LA TRIBUNE DE PIETER KERSTENS !


Les sanglots longs des photos chocs par Pieter Kerstens



Depuis des décennies, les journalistes de tout bord et les photographes chassant le sensationnel nous ont proposé une pléthore de clichés abominables destinés à faire pleurer Margot et influencer son jugement.

Kim, Omayra, Elian, Angélica, Loubna, Léonarda, Aylan, etc… 

Publier en « scoop » des photos de fillettes et de garçons blessés ou décédés relève de la manipulation des esprits pour conduire l’opinion vers une attitude plus « souple » ou mieux encore, afin de créer une réelle adhésion au but recherché.


 C’est bien P.Robert, photographe de guerre, qui avait déclaré :

« La dictature de l’émotion permet de faire l’économie des vraies questions. »

Notre devoir de mémoire nous rappelle la photo de Pham Thi Kim Phùc (Viet-Canadienne), 9 ans brûlée au napalm le 8 juin 1972, courant dans les rues dévastées du village de Trang Bang, à 60 kilomètres de Saïgon.
 Ce cliché de Nick Ut fera le tour du monde et vaudra à son auteur d’obtenir le prix Pulitzer.

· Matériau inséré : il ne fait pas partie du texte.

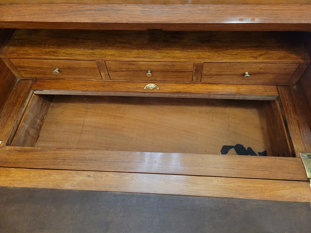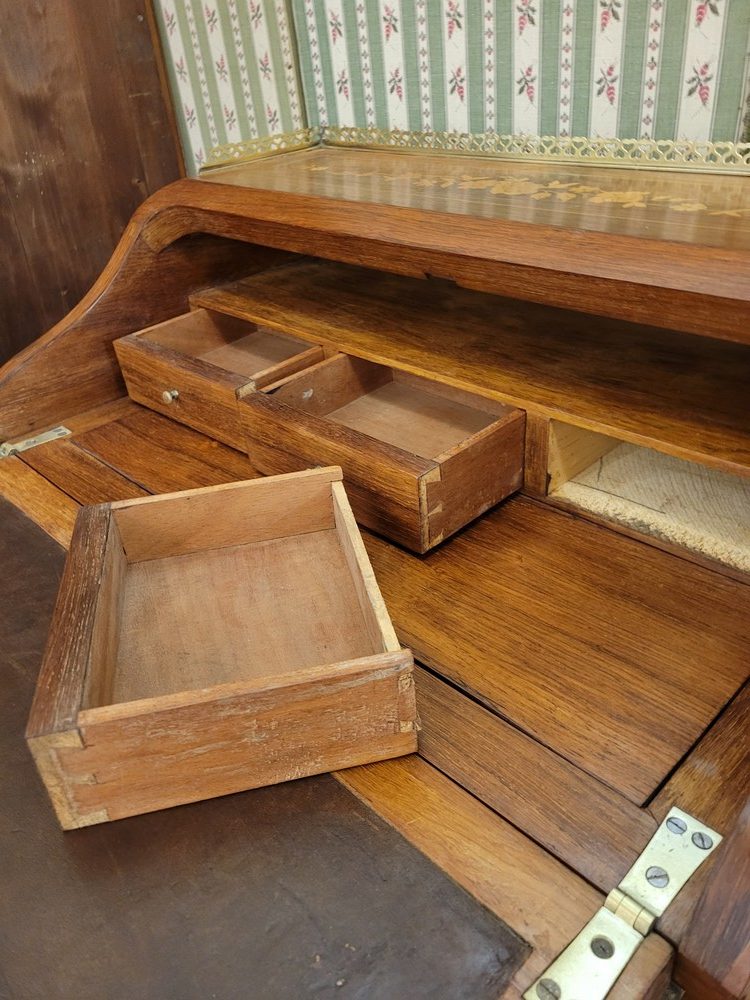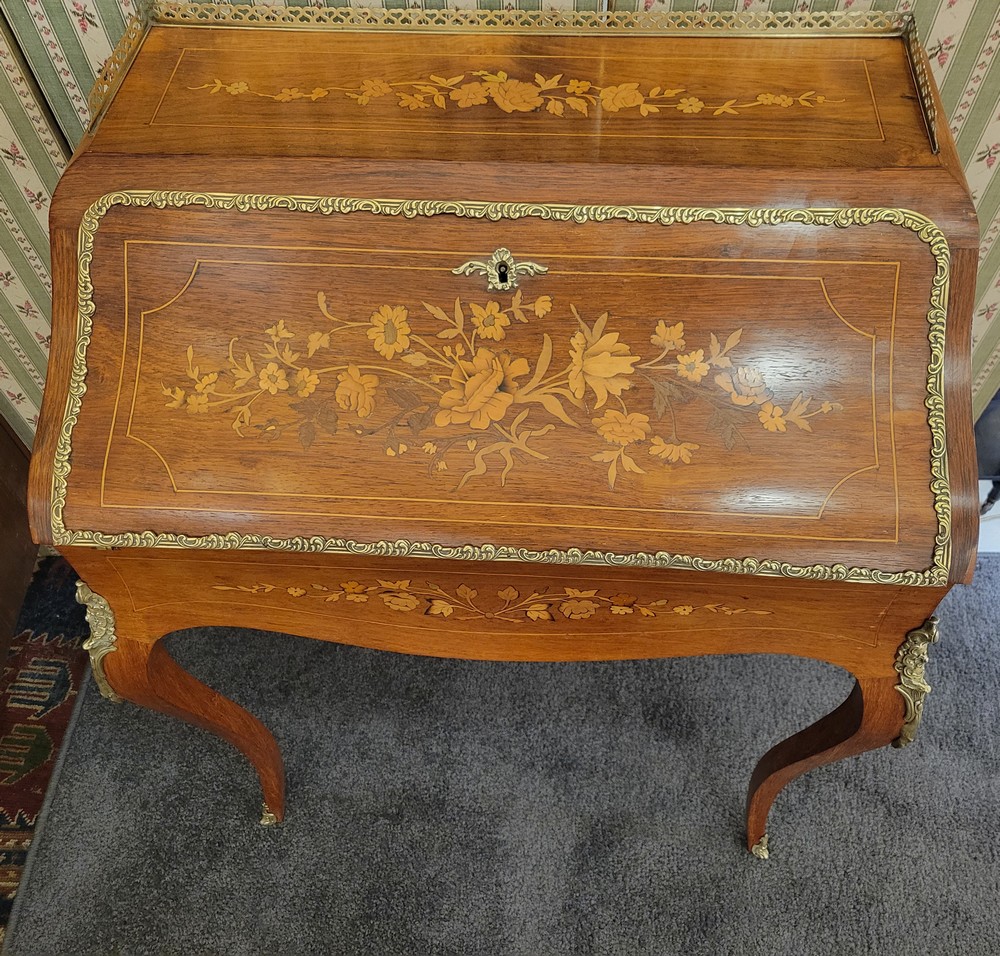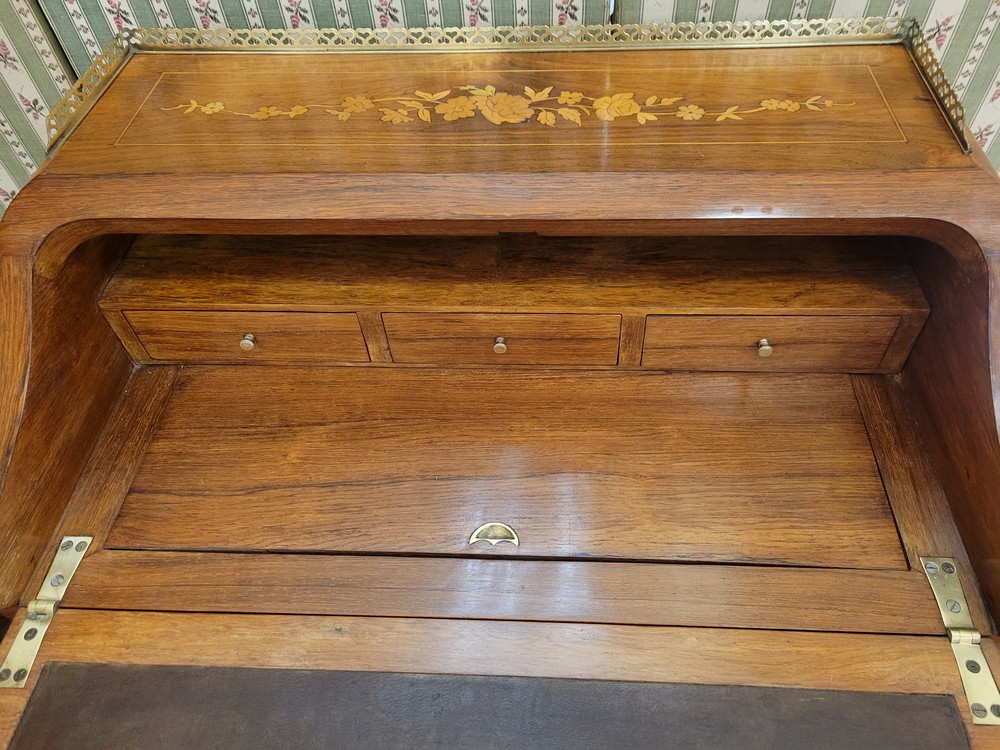 Charmant bonheur du jour ou bureau de dame, de style Louis XV, datant des années 1950. Meuble de qualité en bois de rose, marqueté de motifs floraux. Les garnitures sont en bronze et la galerie en laiton est décorée de petits cœurs.. L’abattant découvre un pupitre en cuir d’origine, ainsi qu’un plateau coulissant et 3 petits tiroirs. L’ensemble est en bon état.
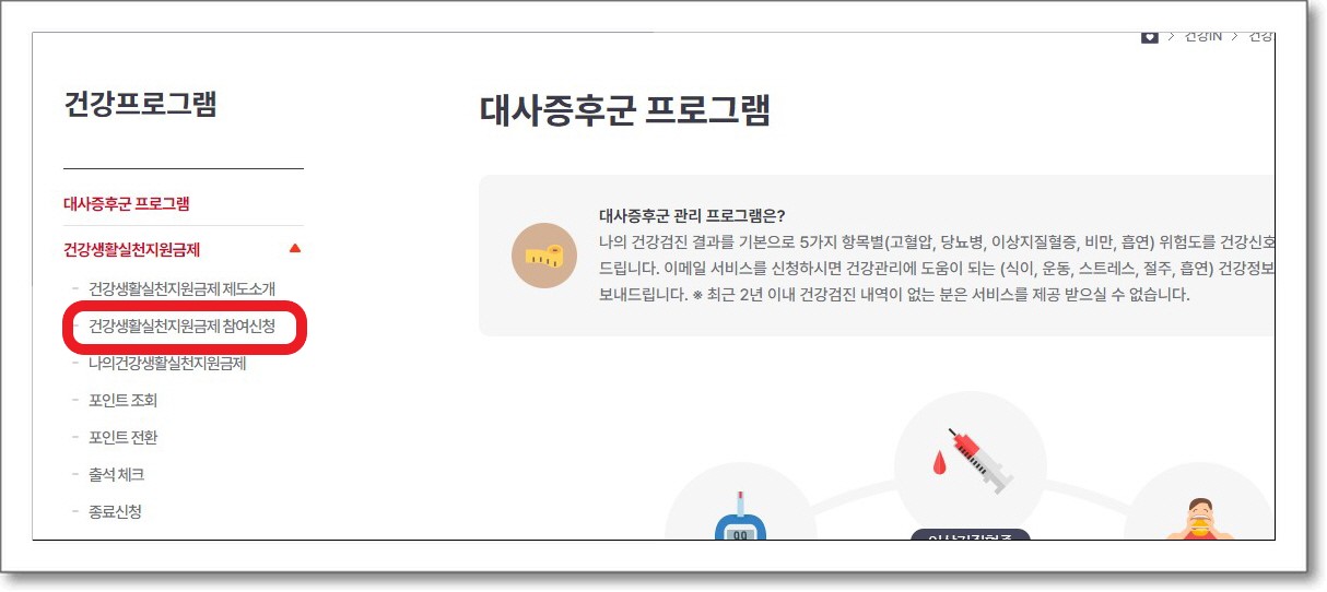 - 건강프로그램 페이지에서 '건강생활실천지원금제' 메뉴에서 '건강생활실천지원금제 참여신청' 버튼을 클릭합니다.
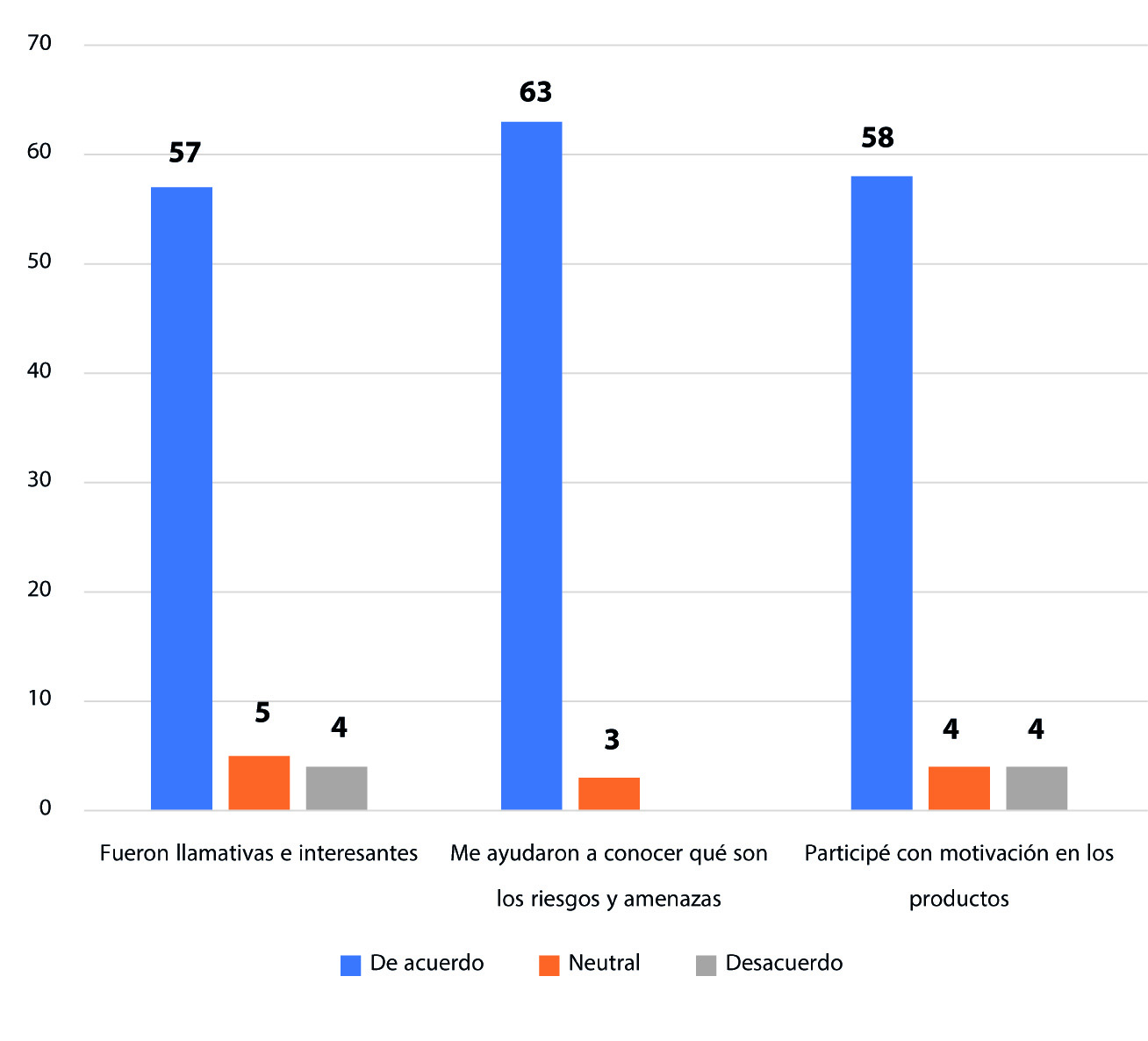 Los resultados mostraron un impacto significativamente positivo, evidenciado por un incremento superior al 86% en las respuestas de los estudiantes, lo que representó un cambio favorable en comparación con los resultados de las encuestas aplicadas inicialmente y reflejó, desde los ítems establecidos en la escala de Likert (figuras 14, 15 y 16), su interés por participar en las actividades planteadas y su contribución al reconocer los conceptos clave, fortaleciendo la capacidad de reconocer riesgos, amenazas y vulnerabilidades del contexto.
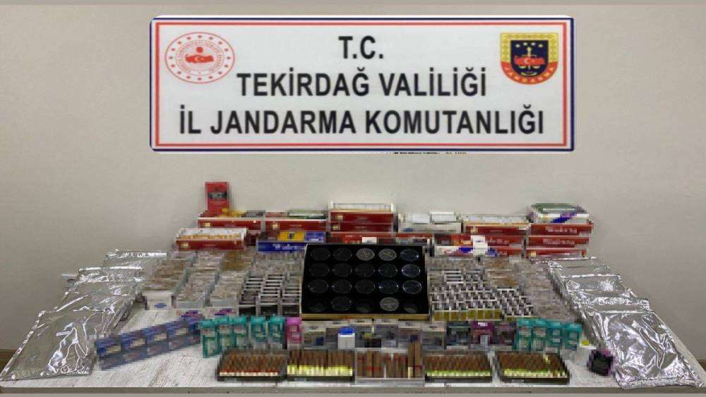 Tekirdağ’ın Çerkezköy ilçesinde kaçak sigaraya yönelik yapılan çalışmada bandrolsüz sigara ve tütün ele geçirildi.Tekirdağ İl Jandarma Komutanlığı ekiplerince Çerkezköy Fatih Mahallesi’nde bir işletmede bandrolsüz makaron, elektronik sigara ve puro satışı yapıldığı tespit edildi. 28 Ağustos 2024 tarihinde gerçekleştirilen aramada, çeşitli yasa dışı tütün ürünleri ele geçirildi.Yapılan aramada, 23 adet elektronik sigara, 7 bin 280 adet içi tütünle doldurulmuş bandrolsüz makaron, 1600 adet bandrolsüz boş makaron, 110 adet bandrolsüz puro, 17 kilogram bandrolsüz nargile tütünü, 2 kilogram açık tütün ve 10 paket bandrolsüz sigara ele geçirildi. Şüpheli M.Y., ifadesinin alınmasının ardından serbest bırakıldı.
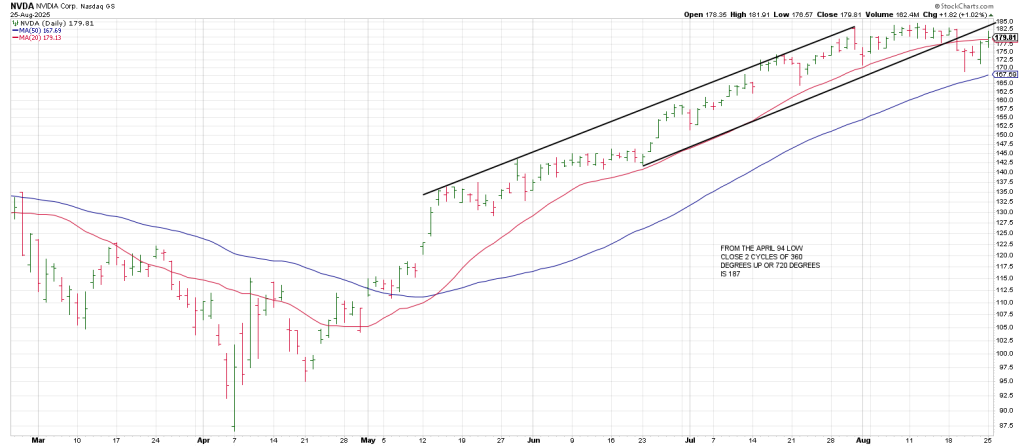 Breakage below the bottom of NVDA’s current triangle could occur at 177 triggering a Triangle Pendulum sell signal…with the 50 DMA looming large below at the 168 region.
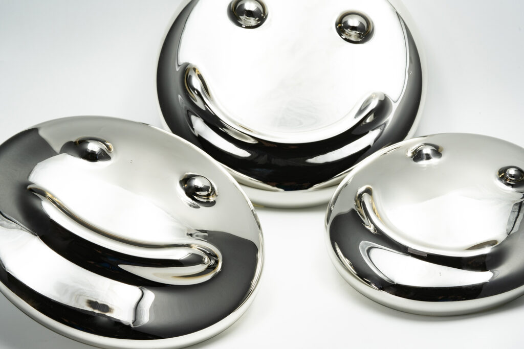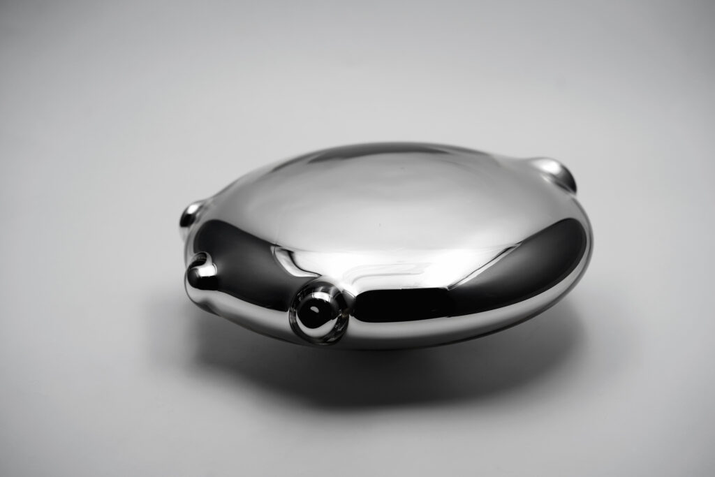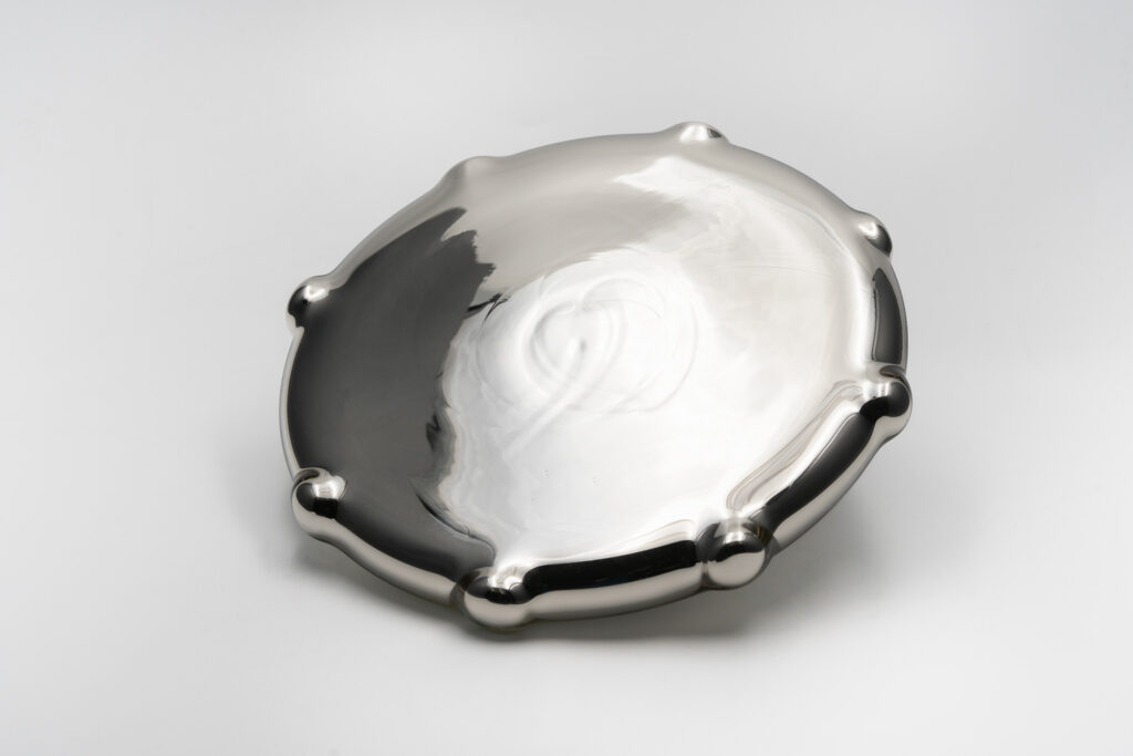 Each piece begins as a blown glass volume whose surface is subtly manipulated during the forming process. Once cooled, the interior of the glass is silvered, transforming the object into a reflective surface while preserving the variations created during blowing.
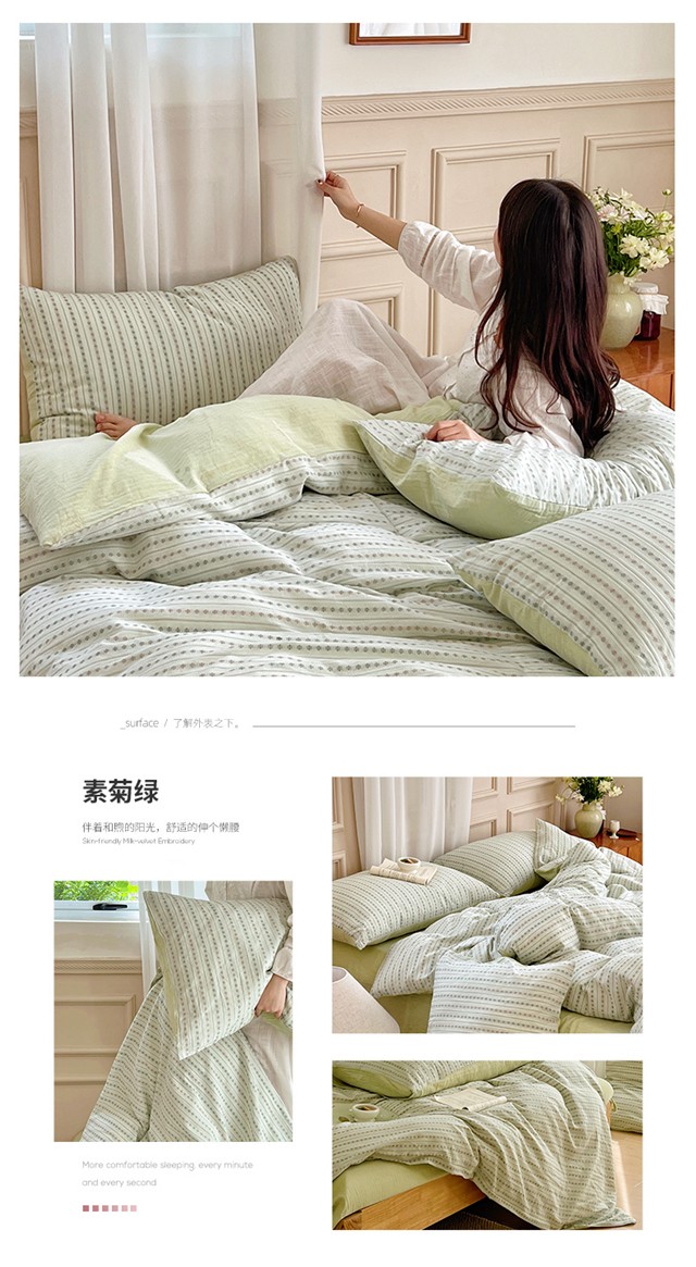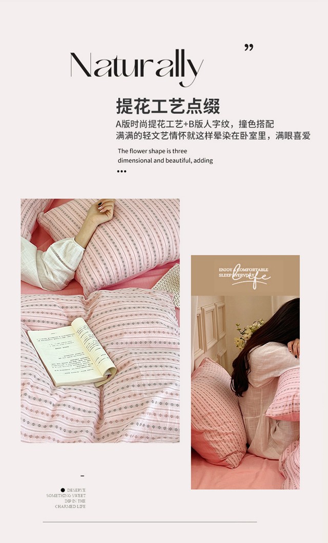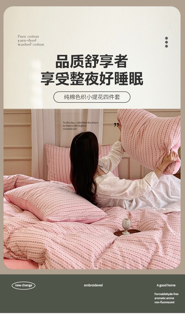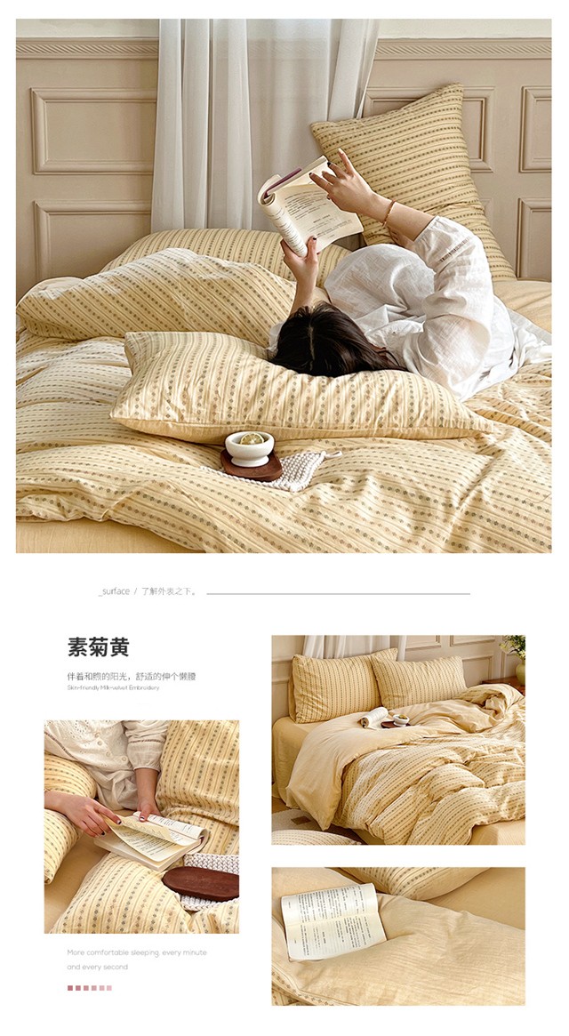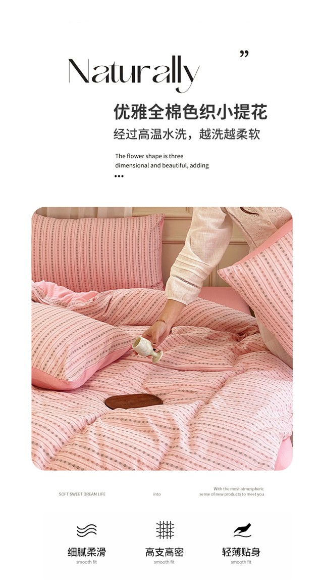 当前位置: 91家纺网 > 商品网购 > 床品套件 > 四件套 > 全棉普通四件套 > (总)艾咪 新款全棉色织水洗棉小提花四件套-素菊系列

L’opinion mondiale était ainsi préparée à accueillir les futurs boat people…

Puis, en 1985, une télévision colombienne diffusa durant 60 heures un reportage  montrant l’agonie de Omayra Sanchez, 13 ans, prisonnière de la boue du volcan Nevado del Ruiz et sa lutte contre la mort filmée en direct…

Exploiter l’innocence des enfants est crapuleux. 

Politiser et utiliser comme moyen de chantage des situations impliquant des mineurs est une ignominie. 

J’en veux pour exemple ce que j’ai vécu à La Havane le 12 juin 2000 : une manifestation monstre regroupant plus de 500.000 enfants et étudiants des écoles, lycées et universités de la seule province de la capitale, pour réclamer le retour d’Elian Gonzales.

Cette histoire fit le tour du monde, occupa la presse internationale pendant plusieurs mois et finalement le fils pu retrouver son père à Cuba, lequel refusa à plusieurs reprises l’asile politique offert par les USA. 

 Par ailleurs les tribunaux fédéraux américains lui avaient aussi donné raison et ordonné le rapatriement de l’enfant dans sa ville natale de Matanzas.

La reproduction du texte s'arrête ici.